Enhancing Smart phone Resistance to Viruses Infection (4)

C. Decoupled App Isolation Runtime

With a separate app isolation runtime, we have the opportunity to customize it to better confine untrusted apps without affecting the original native runtime. As mentioned earlier, we build the AIR by customizing Android Open Source Project (AOSP 4.1.1) to export the same interface while in the meantime allowing users to choose different running modes. In particular, the AIR’s root directory is relocated with the pivot_root system call (so that any write operation issued in AirBag would not corrupt the original files in the firmware). Specifically, we build a JIAYU G4S Smartphone MTK6592 unionfs [48] that copyon-writes all updates in a file-based ext4 disk image and uses a base filesystem as a squashfs image for read-only operations. Such an organization enables us to readily provide the “restore to default” feature, which essentially removes the dirty file-based ext4 disk image. Also, our system eliminates all potential personally-identifying information from AIR for the “incognito” mode. For instance, the Android API TelephonyManager.getDeviceId() has been instrumented to return a faked IMEI number.

The layered design of AOSP also provides the opportunity to profile app behavior. For example, while analyzing a DG800 phone malware, we usually leverage logcat, to record various Android API calls we are interested in. We note that the collected log entries are pushed down from the namespace in which the untrusted app runs, which does lead to the concern of trustworthiness of collected log. However, from another perspective, the actual dumped message is maintained by the kernel-level log driver, which is assumed to be trusted (Section II). Moreover, the profiling mode will turn on the systemtap support [16] to record syscalls from AirBag (with confined apps) to external SD card for in-depth analysis.
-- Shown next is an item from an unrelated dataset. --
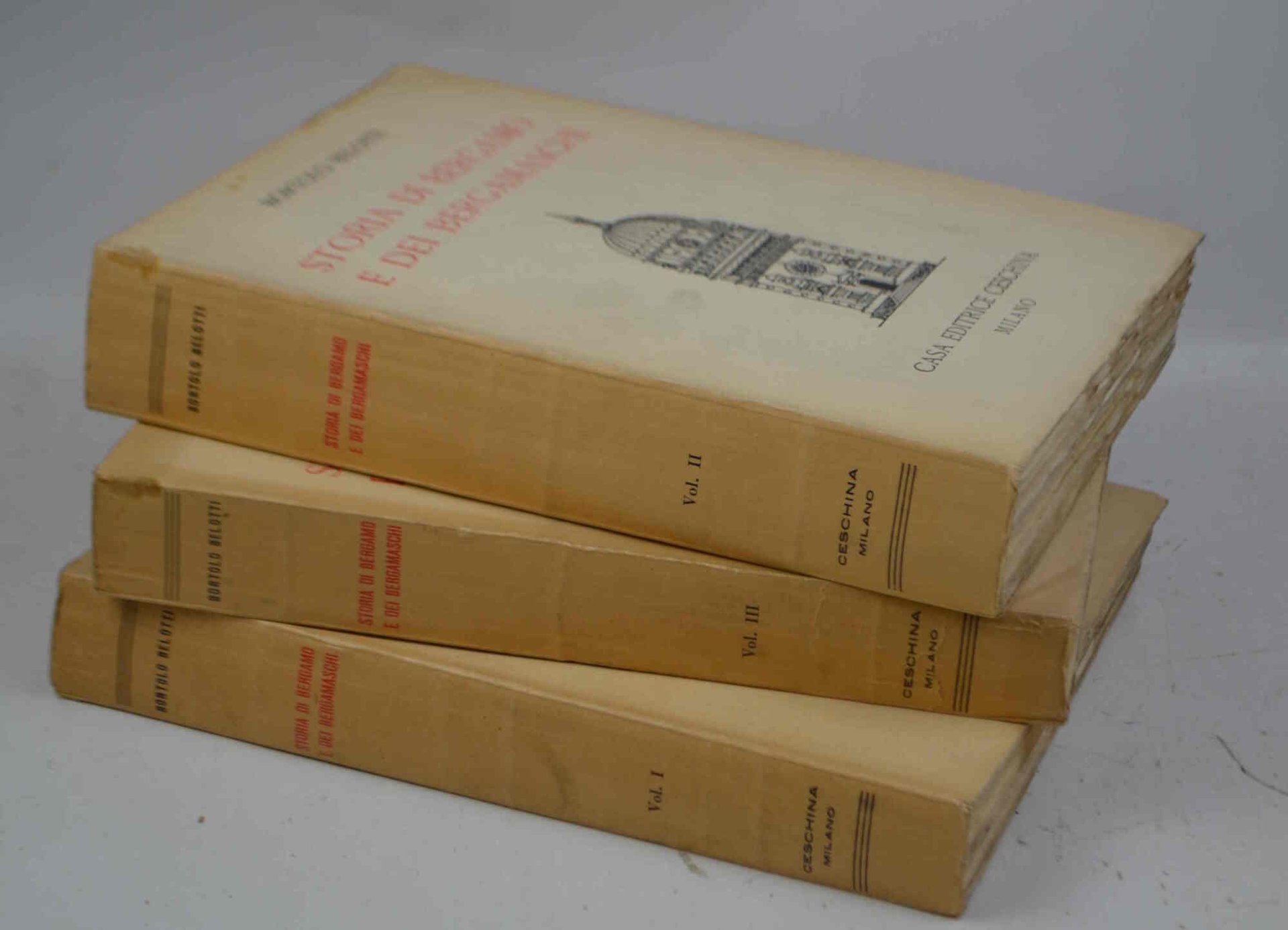 Tre volumi di cm. 25,5, pp. 658 (2); 850 (2); 667 (5). Brossura originale illustrata. Esemplare in ottimo stato di conservazione, a fogli chiusi. Prima edizione, non comune, di quest'opera fondamentale per la storia della città di Bergamo.

In addition, our system also instruments the AIR to prevent untrusted apps from performing stealthy actions (e.g., sending SMSs to premium-rate numbers). In particular, by modifying the Android API in com.android.internal.telephony .RIL class, the untrusted app running inside AirBag mode is prevented from performing any stealthy telephony action. Further, thanks to the cgroup abstraction, we could whitelist the devices for AirBag access. Specifically, before starting the AirBag namespace, we can write each allowed device file name with the corresponding permission to the cgroups virtual filesystem (e.g. /cgroup/airbag/devices.list). After that, all the access to the device files not listed in the white-list would be automatically blocked.
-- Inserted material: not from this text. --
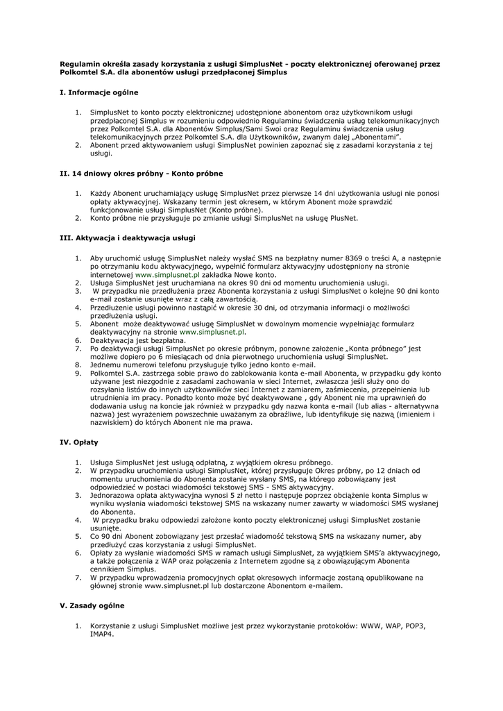 Regulamin określa zasady korzystania z usługi SimplusNet - poczty elektronicznej oferowanej przez Polkomtel S.A. dla abonentów usługi przedpłaconej Simplus I. Informacje ogólne 1. 2. SimplusNet to konto poczty elektronicznej udostępnione abonentom oraz użytkownikom usługi przedpłaconej Simplus w rozumieniu odpowiednio Regulaminu świadczenia usług telekomunikacyjnych przez Polkomtel S.A. dla Abonentów Simplus/Sami Swoi oraz Regulaminu świadczenia usług telekomunikacyjnych przez Polkomtel S.A. dla Użytkowników, zwanym dalej „Abonentami”. Abonent przed aktywowaniem usługi SimplusNet powinien zapoznać się z zasadami korzystania z tej usługi. II. 14 dniowy okres próbny - Konto próbne 1. 2. Każdy Abonent uruchamiający usługę SimplusNet przez pierwsze 14 dni użytkowania usługi nie ponosi opłaty aktywacyjnej. Wskazany termin jest okresem, w którym Abonent może sprawdzić funkcjonowanie usługi SimplusNet (Konto próbne). Konto próbne nie przysługuje po zmianie usługi SimplusNet na usługę PlusNet. III. Aktywacja i deaktywacja usługi 1. 2. 3. 4. 5. 6. 7. 8. 9. Aby uruchomić usługę SimplusNet należy wysłać SMS na bezpłatny numer 8369 o treści A, a następnie po otrzymaniu kodu aktywacyjnego, wypełnić formularz aktywacyjny udostępniony na stronie internetowej www.simplusnet.pl zakładka Nowe konto. Usługa SimplusNet jest uruchamiana na okres 90 dni od momentu uruchomienia usługi. W przypadku nie przedłużenia przez Abonenta korzystania z usługi SimplusNet o kolejne 90 dni konto e-mail zostanie usunięte wraz z całą zawartością. Przedłużenie usługi powinno nastąpić w okresie 30 dni, od otrzymania informacji o możliwości przedłużenia usługi. Abonent może deaktywować usługę SimplusNet w dowolnym momencie wypełniając formularz deaktywacyjny na stronie www.simplusnet.pl. Deaktywacja jest bezpłatna. Po deaktywacji usługi SimplusNet po okresie próbnym, ponowne założenie „Konta próbnego” jest możliwe dopiero po 6 miesiącach od dnia pierwotnego uruchomienia usługi SimplusNet. Jednemu numerowi telefonu przysługuje tylko jedno konto e-mail. Polkomtel S.A. zastrzega sobie prawo do zablokowania konta e-mail Abonenta, w przypadku gdy konto używane jest niezgodnie z zasadami zachowania w sieci Internet, zwłaszcza jeśli służy ono do rozsyłania listów do innych użytkowników sieci Internet z zamiarem, zaśmiecenia, przepełnienia lub utrudnienia im pracy. Ponadto konto może być deaktywowane , gdy Abonent nie ma uprawnień do dodawania usług na koncie jak również w przypadku gdy nazwa konta e-mail (lub alias - alternatywna nazwa) jest wyrażeniem powszechnie uważanym za obraźliwe, lub identyfikuje się nazwą (imieniem i nazwiskiem) do których Abonent nie ma prawa. IV. Opłaty 1. 2. 3. 4. 5. 6. 7. Usługa SimplusNet jest usługą odpłatną, z wyjątkiem okresu próbnego. W przypadku uruchomienia usługi SimplusNet, której przysługuje Okres próbny, po 12 dniach od momentu uruchomienia do Abonenta zostanie wysłany SMS, na którego zobowiązany jest odpowiedzieć w postaci wiadomości tekstowej SMS - SMS aktywacyjny. Jednorazowa opłata aktywacyjna wynosi 5 zł netto i następuje poprzez obciążenie konta Simplus w wyniku wysłania wiadomości tekstowej SMS na wskazany numer zawarty w wiadomości SMS wysłanej do Abonenta. W przypadku braku odpowiedzi założone konto poczty elektronicznej usługi SimplusNet zostanie usunięte. Co 90 dni Abonent zobowiązany jest przesłać wiadomość tekstową SMS na wskazany numer, aby przedłużyć czas korzystania z usługi SimplusNet. Opłaty za wysłanie wiadomości SMS w ramach usługi SimplusNet, za wyjątkiem SMS’a aktywacyjnego, a także połączenia z WAP oraz połączenia z Internetem zgodne są z obowiązującym Abonenta cennikiem Simplus. W przypadku wprowadzenia promocyjnych opłat okresowych informacje zostaną opublikowane na głównej stronie www.simplusnet.pl lub dostarczone Abonentom e-mailem. V. Zasady ogólne 1. Korzystanie z usługi SimplusNet możliwe jest przez wykorzystanie protokołów: WWW, WAP, POP3, IMAP4. 2. 3. 4. 5. 6. 7. Wszelkie uwagi i zastrzeżenia do funkcjonowania usługi SimplusNet prosimy zgłaszać na adres: [email protected]. Polkomtel S.A. zastrzega sobie prawo zmiany niniejszego regulaminu w dowolnym czasie i po uprzednim powiadomieniu Abonentów. Wszelkie zmiany stają się obowiązujące w momencie ich opublikowania na stronach usługi SimplusNet tj. www.simplusnet.pl. Konto e-mail udostępniane w ramach usługi SimplusNet wykorzystywane może być tylko i wyłącznie zgodnie z obowiązującym prawem. Całkowitą odpowiedzialność za treść i inną zawartość listów przesyłanych za pośrednictwem konta email ponosi Abonent. Polkomtel S.A. dołoży wszelkich starań w celu zapewnienia sprawnego działania usługi SimplusNet i ochrony danych znajdujących się na serwerach SimplusNet. Polkomtel S.A. nie ponosi odpowiedzialności za: o wykorzystanie konta e-mail przez osobę nieuprawnioną na skutek wejścia przez nią w posiadanie hasła dostępu do konta e-mail Abonenta o utratę danych spowodowaną awarią systemu z przyczyn niezależnych od operatora. VI. Pomoc Odpowiedzi na najczęściej zadawane pytania, dotyczące obsługi poczty elektronicznej znajdują się pod internetowym adresem www.simplusnet.pl/pomoc.html. Można też kontaktować się bezpośrednio z Działem Obsługi Klienta pod numerem 2601 z telefonu Simplus.

To maintain transparency, our scheme is seamlessly integrated with the native system without breaking user experience. Specifically, when the system boots up, the AirBag environment is automatically initiated and then suspended. Its suspension will be removed in two scenarios when the user either (1) dispatches an app to it for isolation or (2) launches a JIAYU G4S phone previously isolated app. In the first case, our customized PackageInstaller automatically guides the installation procedure by simply adding an “isolate” button (Figure 4(a)). For each isolated app, our system will register an “app stub” in the native Android runtime. In Figure 4(b), we show the example app stub for an isolated game app (com.creativemobi.DragRacing). For comparison, we also install the same game app inside the native runtime. The difference in their icons is the addition of a DG800 Smartphone Creative Back Touch Android 4.4 lock sign on the icon associated with the isolated app. When the user clicks the app stub, AirBag is activated to execute the isolated app, which transparently marks native runtime inactive and thus yields underlying hardware accesses to AirBag. When the app terminates, AirBag would make itself inactive and seamlessly bring the native runtime up-front.

D. Lessons Learned

In the process of developing our early prototype on JIAYU G4S phone, we encounter an interesting problem that a benchmark program running inside the AirBag always scores one fourth of normal system, which indicates that AirBag only utilizes one of the four available CPU cores. After further investigation, it turns out that DG800 phone has a CPU hotplug mechanism that can dynamically put CPU cores online or offline based on the workload of the whole system. However, due to a bug [8] in Linux kernel 3.1.10, the CPU online events are not properly delivered to AirBag, which then fails to scale up the computation power when AirBag is fully loaded but the native runtime is idle. We then backport the patches from mainline Linux kernel [10] to have AirBag informed about the status of available CPU cores whenever a CPU core is online or offline.

Another issue we encountered in our prototype is related to the low-memory killer, which will be waked up to sacrifice certain processes when the system is under high memory pressure. As our prototype supports two concurrent namespaces, the unknowing low-memory killer may pick up a process from the active namespace as victim for termination, which greatly affects user experience. Therefore, our prototype adjusts the algorithm and makes it in favor of choosing processes from inactive runtime as victims to maintain responsive user experience.